Skip site navigation (1)Skip section navigation (2)
Date:      Fri, 29 Sep 2006 09:07:19 -0500
From:      Astrodog <astrodog@gmail.com>
To:        "Robert Watson" <rwatson@freebsd.org>
Cc:        current@freebsd.org
Subject:   Re: lockf in installworld -- not a good idea
Message-ID:  <2fd864e0609290707t7e7d6e17g61a09ff5aa10ff3f@mail.gmail.com>
In-Reply-To: <20060929144738.W70454@fledge.watson.org>
References:  <20060929141709.E70454@fledge.watson.org> <20060929134332.GD4776@rambler-co.ru> <20060929144738.W70454@fledge.watson.org>

next in thread | previous in thread | raw e-mail | index | archive | help
On 9/29/06, Robert Watson <rwatson@freebsd.org> wrote:
>
>
> On Fri, 29 Sep 2006, Ruslan Ermilov wrote:
>
> > The necessity to run rpc.lockd is documented in the build(7) manpage.
> > Quote:
>
> I think this is a bad idea.  rpc.lockd is one of the most fragile and
> largely
> broken pieces of the operating system.  Arguably we shouldn't even be
> shipping
> it.  Making it required for installworld is asking for trouble.
>
> > : installworld     Install everything built by a preceding buildworld
> step
> > :                  into the directory hierarchy pointed to by make(1)
> vari-
> > :                  able DESTDIR.
> > :
> > :                  If installing onto an NFS file system, make sure that
> > :                  rpc.lockd(8) is running on both client and
> server.  See
> > :                  rc.conf(5) on how to make it start at boot time.
> >
> >> I've noticed an increasing intolerance in our tools for system install
> and
> >> maintenance to locking not being implemented over the past few
> years.  I no
> >> longer get working cron on boxes with neither rpc.lockd nor local
> locking
> >> enabled, for example.  Installworld represents a bigger problem, since
> I
> >> don't want to have to depend on a completely working rpc chain in order
> to
> >> installworld, nor depend on running in what would effectively be
> multiuser
> >> mode.  Surely there's a better fix for this than adding lockf use?
> >>
> > I don't know of a better fix.  Another approach is that mentioned in the
> > commit log and used by NetBSD.  I tried it, and it was very fragile --
> it
> > could easily leave the temporary file around, and that would stuck
> forever
> > another instances.
> >
> > The problem at hand is that multiple instances of install-info(1) are
> > attempting to write to the ${DESTDIR}/usr/share/info/dir file.
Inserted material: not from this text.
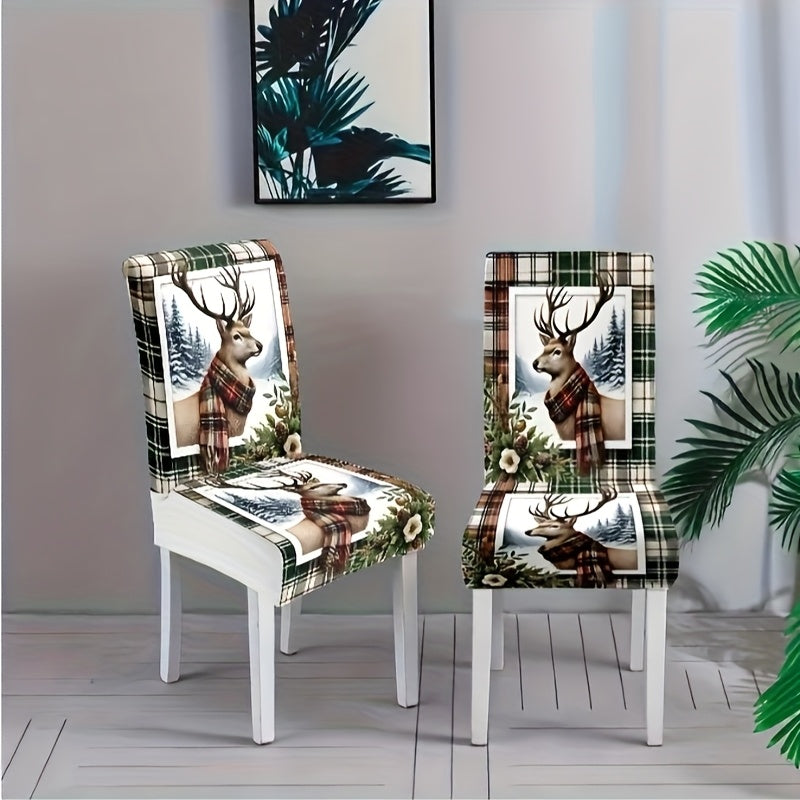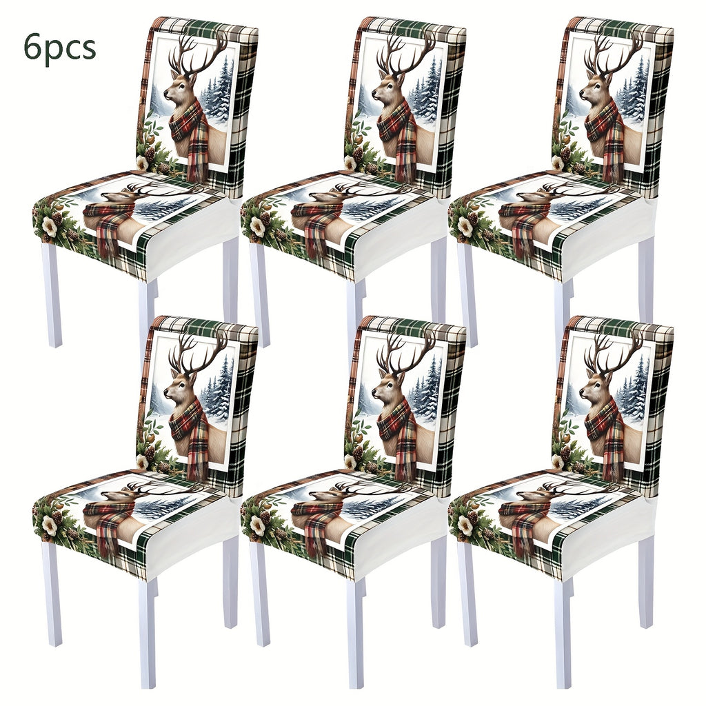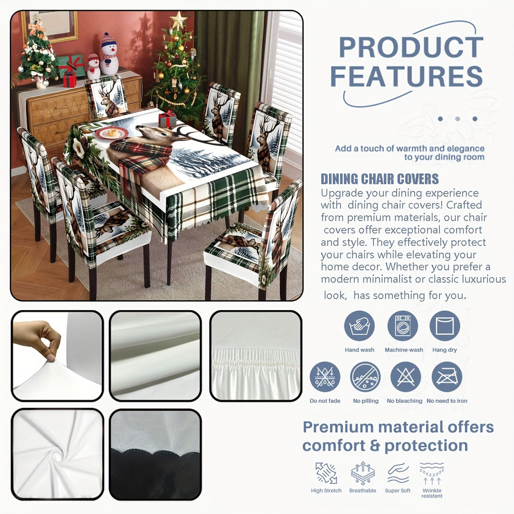 Elk Theme Holiday Table and Chair Set. Elk pattern with plaid elements, retro warm 5/6/7pcs chair covers and tablecloth set: 5pcs (1 tablecloth 4 chair covers), 6pcs (6 chair covers), 7pcs (1 tablecloth 6 chair covers). Suitable for holiday decoratio

If you
> have a
> > better idea, don't hesitate to let me know.  I'd very much like to get
> rid
> > of that as well.
>
> The basic problem here is that install-info doesn't support parallelism.
> Sounds like we just need to accept that and therefore accept that we don't
> support doing installworld with the -j argument.  A middle-ground solution
> would be to only use lockf if -j is used.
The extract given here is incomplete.